| Information provided |
═══

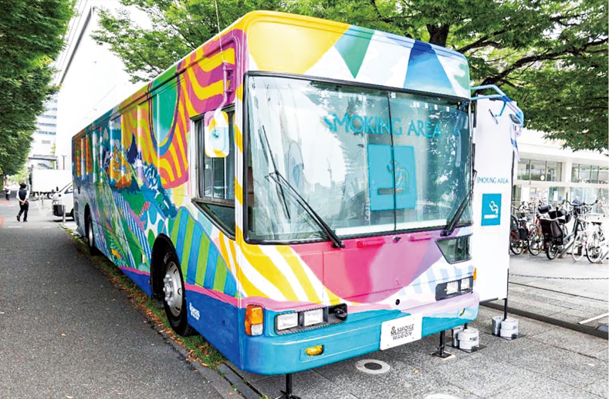 移動型喫煙所「&SMOKE WAGON」と名付けられた車両には、山や水、植物など自然をモチーフにした図柄が描かれており、一際人目を引く。車内には専用プラズマ脱臭機とファンが設置され、ゆったりと座って気兼ねなく喫煙時間を過ごせるという。
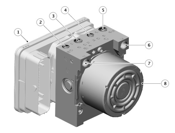The Hydraulic Control Unit (HCU) and Anti-lock Brake System (ABS) control module form a single component and must not be separated. The HCU and ABS control module assembly is supplied in a pre-filled state. After installation, the hydraulic brake system only requires a conventional bleed of the system; there is no requirement to pressure bleed the system.
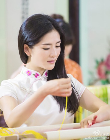 原标题:谢娜穿旗袍绣花侧颜静美 网友:打开方式不对(图)
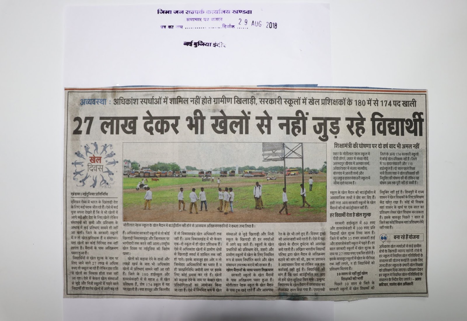 दिनांक 29 अगस्त 2018 को समाचार पत्रों में प्रकाशित समाचार पत्र कतरनें......

═══

| What needs to be done |
Omit the pictures. Repeat the rest of the data exactly.

| Task result |
 移動型喫煙所「&SMOKE WAGON」と名付けられた車両には、山や水、植物など自然をモチーフにした図柄が描かれており、一際人目を引く。車内には専用プラズマ脱臭機とファンが設置され、ゆったりと座って気兼ねなく喫煙時間を過ごせるという。
The Hydraulic Control Unit (HCU) and Anti-lock Brake System (ABS) control module form a single component and must not be separated. The HCU and ABS control module assembly is supplied in a pre-filled state. After installation, the hydraulic brake system only requires a conventional bleed of the system; there is no requirement to pressure bleed the system.
 原标题:谢娜穿旗袍绣花侧颜静美 网友:打开方式不对(图)
 दिनांक 29 अगस्त 2018 को समाचार पत्रों में प्रकाशित समाचार पत्र कतरनें......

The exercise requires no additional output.